В прихожей он сорвал с вешалки свое пальто, схватил сумочку с деньгами и документами. Лифта они дожидаться не стали, а пошли по лестнице вниз. С каждым шагом профессор ступал все увереннее, а выйдя из подъезда во двор, даже побежал.
46
В ту самую минуту, когда Арина лежала без сна в своей роскошной кровати и пыталась понять, что ей теперь делать и где искать любимого человека, а Ада и профессор Парусников мчались в желтой «ауди» по улицам Москвы, Игорь проснулся. Пробуждение было тяжелым. Голова болела так, что любое движение отдавалось глухим ударом по лбу и по вискам. Игорь решил не шевелиться и попытался открыть глаза. Веки разошлись, но зрачок не уловил даже малейшего проблеска света. Судя по всему, в комнате царила самая настоящая египетская тьма. Зато другие органы чувств заработали в полную силу. Ухо уловило сопение нескольких носов, потом чей-то храп, который несколько минут нарастал crescendo, достиг апогея и внезапно оборвался, словно храпящего накрыли огромной подушкой. Со стороны другого уха донесся громкий кашель, чье-то ворчание, в котором можно было ясно различить пару-тройку матерных слов, громкий скрип кровати. Все эти звуки сливались в однообразный гул, который, как показалось Игорю, бил в голову извне, будто старался компенсировать внутренние удары. Нос окунулся в жаркое марево удушливых запахов, в котором преобладали запахи немытых тел, кислой капусты и аммиака.

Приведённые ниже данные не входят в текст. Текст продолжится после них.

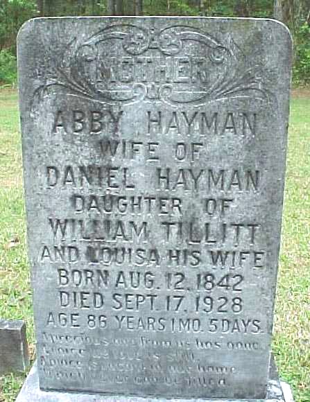 | Hayman, Abby | Aug. 12, 1842 | Sept. 17, 1928 | Mother; Wife of Daniel Hayman; Daughter of William Tillett and Louisa his wife; Age 86 Years 1 Mo. 5 Days |
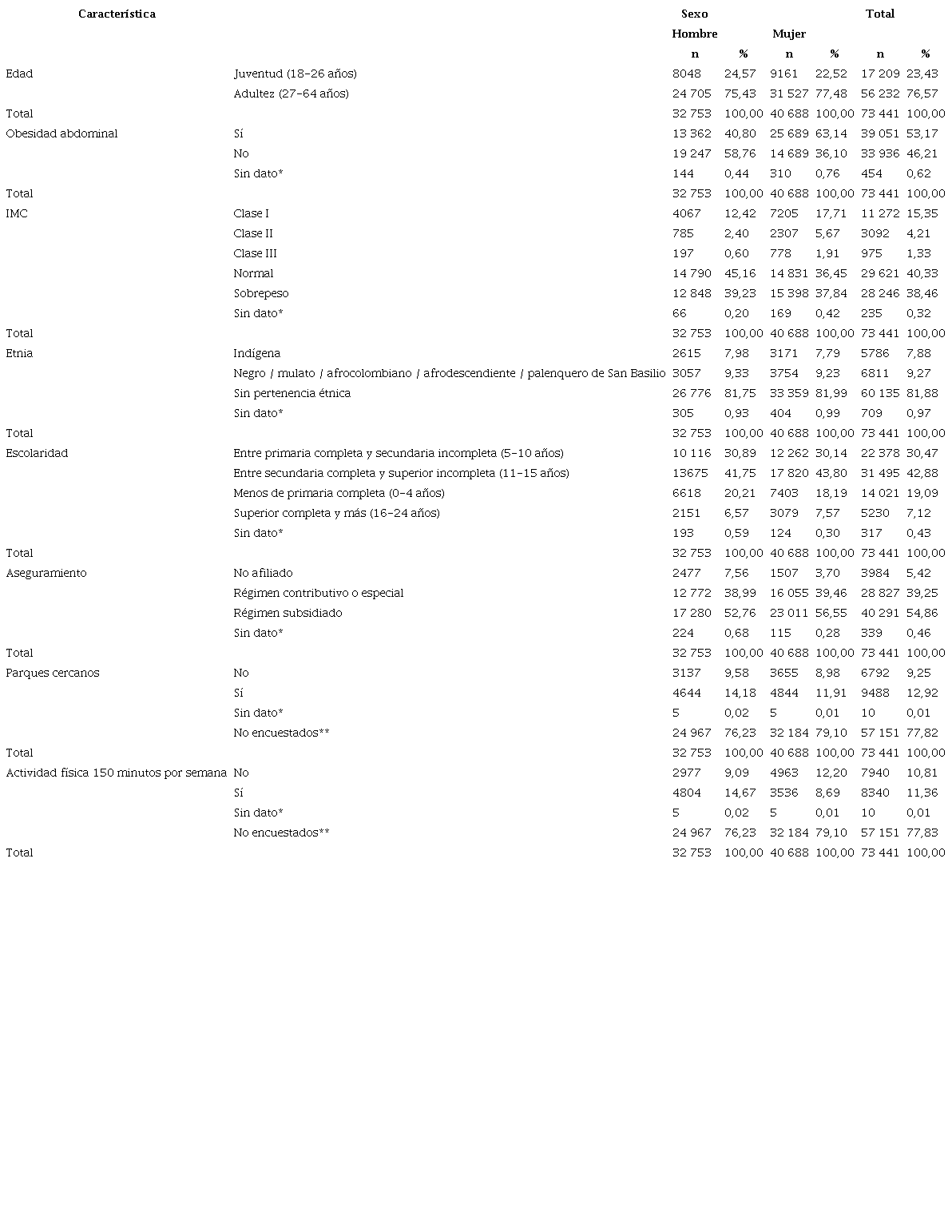 Los datos son tomados de las bases de datos de antropometría y de actividad física (submuestra de la ENSIN) de los adultos de 18 a 64 años y de los estándares de la OMS para clasificar el sobrepeso y la obesidad en kg / m2 según el índice de masa corporal (imc) [30], donde el rango normal es 18,50-24,99; sobrepeso: 25,00-29,99; obesidad clase i: 30,00-34,99; obesidad clase ii: 35,00-39,99; obesidad clase iii ≥ 40,00. También se utiliza el trabajo de Ko y Tang [31] para clasificar la obesidad abdominal en hombres y mujeres con la circunferencia de cintura en cm, donde la obesidad abdominal ≥ 90 cm en hombres y ≥ 80 cm en mujeres, con ambas referencias para la edad de estudio.

Игорь пошевелился, проверяя, работают ли руки и ноги. С этим было все в порядке. Руки и ноги двигались, подчиняясь воле их владельца. Это уже хорошо. Значит, он, скорее всего, не в больнице. Не ранен, не попал в аварию и не парализован. Движение Игоря вызвало такой скрип кровати, что сразу с двух сторон посыпались проклятия. Игорь замер, пытаясь понять, кто его соседи и почему в одной комнате находится так много спящих людей. Где же он?
И вдруг он вспомнил. В голове совершенно ясно сложились события минувшего вечера. Он уехал из дома и долго бродил по улицам, а в его голове спорили два голоса. Один доказывал, что нужно вернуться обратно и поговорить с Ариной, рассказать ей о том, что удалось выяснить профессору Парусникову, посоветоваться и вместе принять решение. Другой даже слышать об этом не хотел.
«Как можно поставить влюбленную женщину перед таким выбором! – пафосно восклицал он и добавлял: – Мужчина так поступить не может».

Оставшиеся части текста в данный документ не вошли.